Carlo Calenda è un equivoco politico. Un uomo moderato di destra scambiato per un riformatore di sinistra. Un solipsista con evidenze estreme di un carattere difficile, sicuramente esuberante dentro un evidente disordine politico, trasformato nientemeno che in un federatore dell’anima liberal con quella progressista. La colpa più grave di Enrico Letta è di aver accreditato la bugia proponendola come verità, forse in ragione di dare una logica a una linea politica aggiornata dagli esiti della vicenda Draghi.

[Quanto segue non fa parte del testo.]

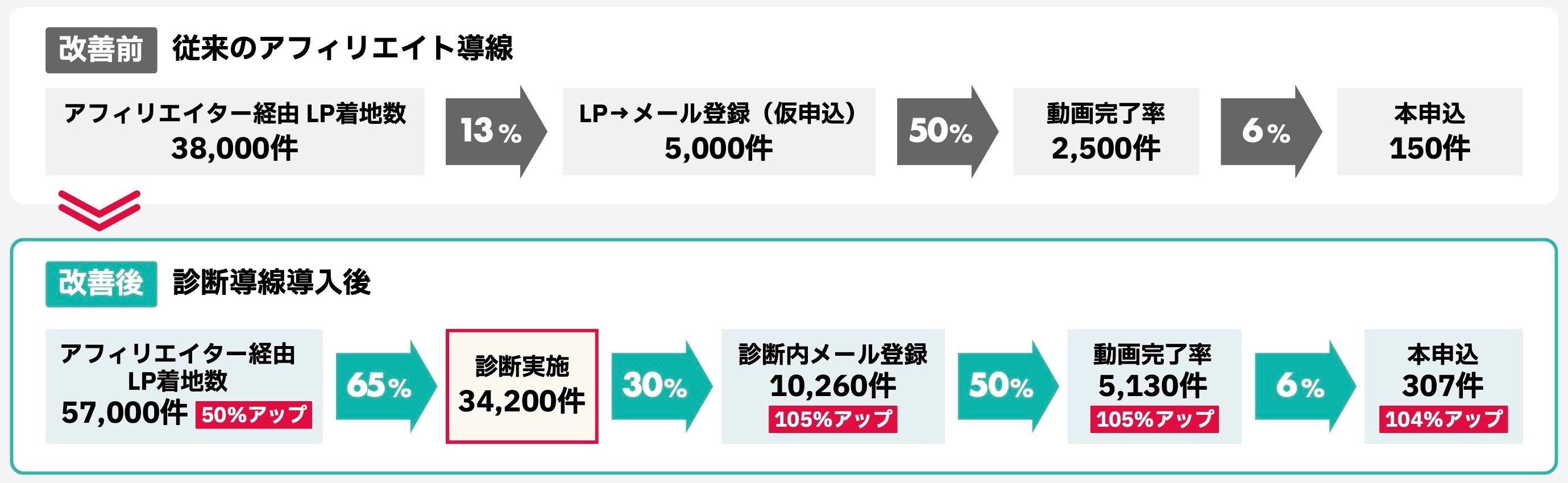 従来のアフィリエイト導線と比較して、大幅な成果向上を実現しています。診断コンテンツの導入により、ユーザーの関心度と理解度が飛躍的に向上し、各段階での離脱率が大幅に改善されました。

Stesso colpevole abbaglio per mano dei grandi media. Perso per strada Matteo Renzi avevano bisogno di un altro volto per contrastare quel che pareva il nemico assoluto: l’alleanza del Pd con i Cinquestelle. Hanno puntato le fiches su Calenda, facendolo lievitare oltre misura verso successi strepitosi ma falsi. Quando ancora arrancava intorno al tre per cento (oggi poco oltre il quattro) si è detto che tranquillamente poteva conquistare il sei, poi il dieci. Oggi ho letto, senza più stupirmi, che si dava conto di una speranza, affidata per pudore allo stesso Calenda: da solo per conquistare il 15 per cento.

Se è vero che l’informazione fa rima con manipolazione, è certo che questa vicenda ci costringe a misurare la distanza che separa l’apparenza dalla realtà, i nostri desideri da quelli del resto del mondo. E Calenda, appunto, resta un equivoco politico, un falso d’autore.